写流程:客户端将写请求发送给 router,和读流程一样,会转发到对应的 Follower 节点上 。Follower 节点会转发写请求给 Leader 节点,Leader 节点转发给 MySQL,当 MySQL 返回写入成功后,Leader 会清除本地图缓存对应的 Key,并同步给其他所有 Follower 清除掉该 Key,保证数据的最终一致性 。
2、高可用
REDtao 分为独立的两层:缓存层和持久层 。每一层都保证高可用性 。
自研的分布式缓存:
我们自研了实现图语义的分布式 cache 集群,支持故障自动检测和恢复、水平扩缩容 。
它是一个双层 cache,每个分片都有一个 Leader 和若干个 Follower 。所有的请求都先发给外层的 Follower,再由 Follower 转发给 Leader 。这样的好处是读压力大的时候只需要水平扩展 Follower,单点 Leader 写入的方式也降低了复杂度,更容易实现数据的一致性 。
如果一个副本故障,系统会在秒级别内进行切换 。当持久层发生故障时,分布式缓存层仍然可以对外提供读取服务 。
高可用的MySQL集群:
MySQL 集群通过自研的中间件实现了分库分表方案 , 并支持 MySQL 的水平扩容 。每个 MySQL 数据库有若干从库 , 并且与公司内部其他的 MySQL 运维方案一致,保证高可用性 。
限流保护功能:
为防止缓存击穿导致 MySQL 突发大量请求,从而导致 MySQL 宕机,我们通过限制每个主节点最大 MySQL 并发请求数来实现限流保护 MySQL 。达到最大并发请求限制之后的请求会被挂起等待,直到已有请求被处理返回,或者达到等待超时请求被拒绝不会被继续请求到 MySQL。限流阈值在线可调,根据 MySQL 集群规模调整对应限制 。

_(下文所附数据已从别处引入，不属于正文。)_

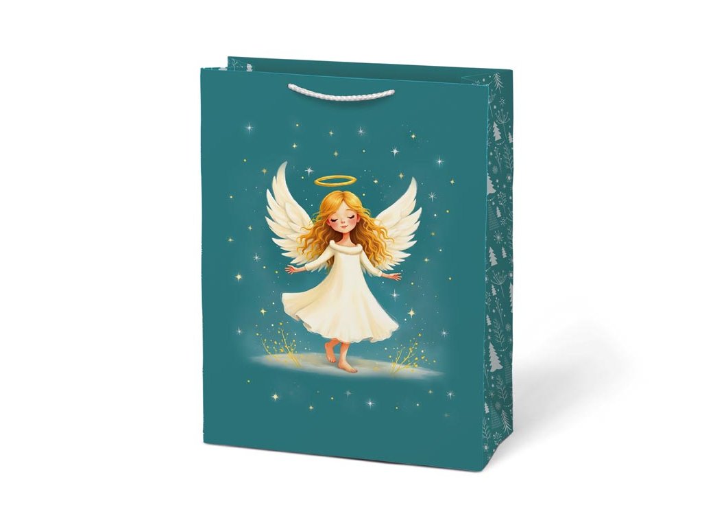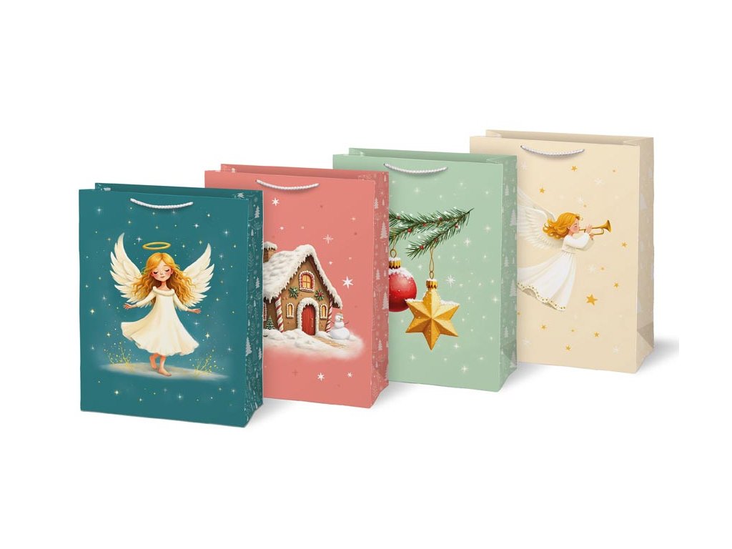 Chystáte sa darovať naozaj veľké prekvapenie? Vianočná darčeková papierová taška MFP T14 vám ušetrí čas s balením a pritom dodá darčeku slávnostný vzhľad. Vďaka extra priestranným rozmerom sa do nej ľahko zmestia hračky, krabice, textil alebo viac menších darčekov naraz. Rozmery: 405 × 555 × 205 mm Farba: petrolejová, lososová, svetlozelená, béžová Motív: vianočný – anjeli, zimná chalúpka, ozdoby a sviatočné dekorácie Dodávame v mixe 4 motívov a farieb podľa aktuálnej skladovej dostupnosti. Uvedená cena je za 1 ks.Dodatočné parametre

为防止爬虫或者作弊用户频繁刷同一条数据,我们利用 REDtaoQueue 顺序执行对写入或者点查同一条边的请求 , 队列长度会被限制 , 控制同一时间大量相同的请求执行 。相比于单个全局的队列控制所有请求的方式 , 基于每个请求的队列可以很好地限制单个同一请求 , 而不影响其他正常请求 。
3、极致性能
数据结构的设计是 REDtao 高性能的重要保证 。我们采用了三层嵌套 HashTable 的设计, 通过根据某个起点 from_id 从第一级 HashTable 中查找到 REDtaoGraph , 记录了所有 type 下对应的所有的出边信息 。接着,在第二级 HashTable 中,根据某个 type_id 查找到 AssocType 对应某个 type 下边所有出边的计数、索引以及其他元数据 。最终在最后一级 HashTable,通过 AssocType 的某个 to_id 查找到最终边信息 。我们记录了创建时间、更新时间、版本、数据以及 REDtaoQueue,time_index 则对应根据创建时间排序列表 。最后一级 HashTable 以及索引限制存储最新的 1000 个边信息,以限制超级点占据过多内存 , 同时集中提高最新热数据的查询命中率以及效率 。REDtaoQueue 用于排队当前某个关系的读写 , 只记录了当前最后一个请求的元数据 。每次查询或写入时,首先查询 REDtaoAssoc,若缓存不存在,则会首先创建只包含 REDtaoQueue 的对象;若缓存已存在,则会更新队列元数据 , 将自己设置为队列的最后一个请求,并挂起等待被执行 。

文章插图
通过这种多层 hash+ 跳表的设计,我们能高效地组织点、边、索引、时间序链表之间的关系 。内存的申请、释放在同一个线程上完成 。
在线上环境中,我们的系统可以在一台 16 核的云厂商虚拟机上跑到 150w 查询请求/s,同时 CPU 利用率仅有 22.5%。下方是线上集群的一个监控图,单机的 QPS 到达 3w,每个 RPC 请求聚合了 50 个查询 。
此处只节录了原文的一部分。